Biographical details
- Born: June 20, 1874 Missouri, U.S.
- Died: February 24, 1967 (aged 92) New York, New York, U.S.

Coaching career (HC unless noted)
- 1895–1900: Carthage

Head coaching record
- Overall: 19–6–1

= Ralph Harper McKee =

American chemical engineer, inventor, college football coach (1874–1967)

Ralph Harper McKee (June 20, 1874 – February 24, 1967) was an American chemical engineer, inventor, and college football coach. He was professor at the department of chemical engineering at Columbia University. McKee was the first person to be awarded a patent for a novel plant.

==Biography==
McKee was born on June 20, 1874, in Missouri, to James T. McKee and Mary Frances Ricketts. A native of Clinton, Missouri, he graduated from the University of Wooster—now known as the College of Wooster—in 1895. That year, he was hired as the chair of mathematics and astronomy at Carthage College, located in Carthage, Illinois. McKee was the first head football coach at Carthage, serving for six seasons, from 1895 to 1900, and compiling a record of 19–6–1. He earned a Doctor of Philosophy degree from the University of Chicago, in 1901. He was a professor of chemistry at Lake Forest College from 1902 until 1909, when he moved to the University of Maine.
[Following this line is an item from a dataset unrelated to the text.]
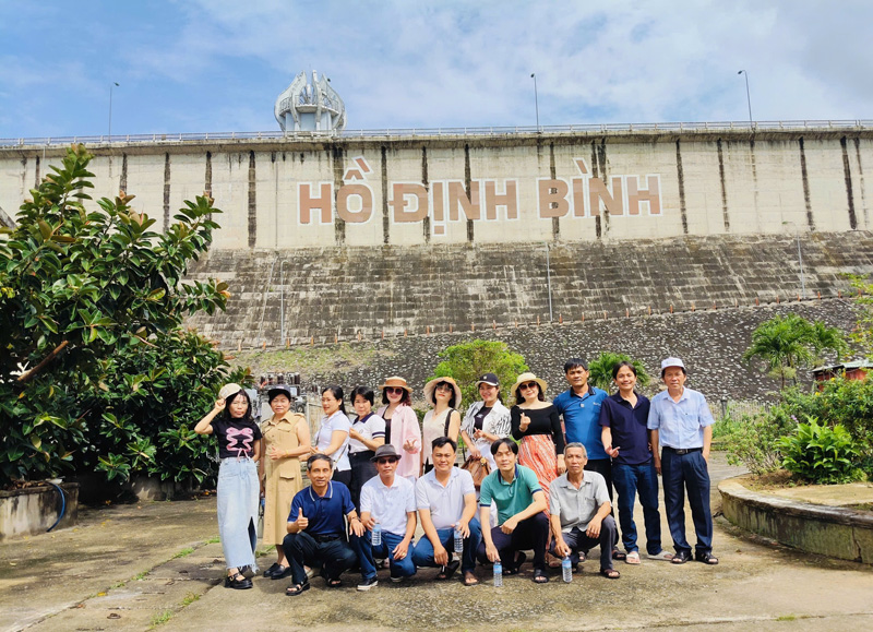 Sau khi tham quan và tìm hiểu Tượng Đài Khởi Nghĩa Vĩnh Thạnh, xe tiếp tục lăn bánh đưa đoàn đến tham quan và tìm hiểu Hồ Định Bình. Công trình nằm trên sông Kôn, xã Vĩnh Hảo, huyện Vĩnh Thạnh, tỉnh Bình Định cũ, nay thuộc xã Vĩnh Thạnh, tỉnh Gia Lai, khánh thành năm 2009. Hồ Định Bình là hồ nước ngọt nhân tạo lớn nhất tỉnh Bình Định cũ với tổng dung tích Hồ là 226,21 triệu, dung tích phòng lũ là 227,48 triệu; là đập ngăn sông đầu tiên tại Việt Nam áp dụng công nghệ bê tông đầm lăn. Hồ có nhiệm vụ điều tiết lũ, cung cấp nước sản xuất nông nghiệp, nuôi trồng thủy sản và phát điện.
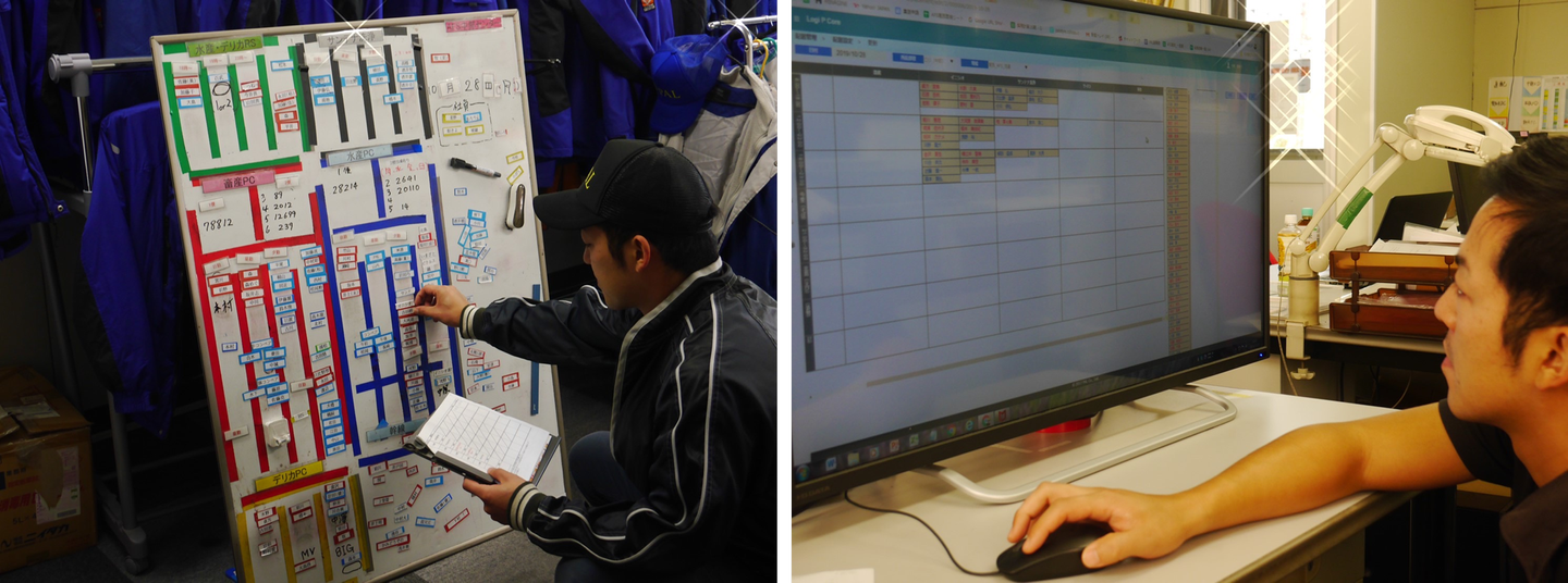 左:手書きのホワイトボードの記入作業は属人的で、就業後に1時間もかかっていた 右:ホワイトボードがシステムを使ってデジタル化されたことで、作業時間が半分に短縮

In 1923 he and Max Kahn developed a novel fat substitute, called intarvin.

He was married, and in 1928 he and his wife divorced.

By 1932 he was in the department of chemical engineering at Columbia University where he was able to manufacture diamonds "larger than ever before produced artificially" and was able to produce artificial wool from jute.

In 1938, he received the first patent issued for a novel plant variety.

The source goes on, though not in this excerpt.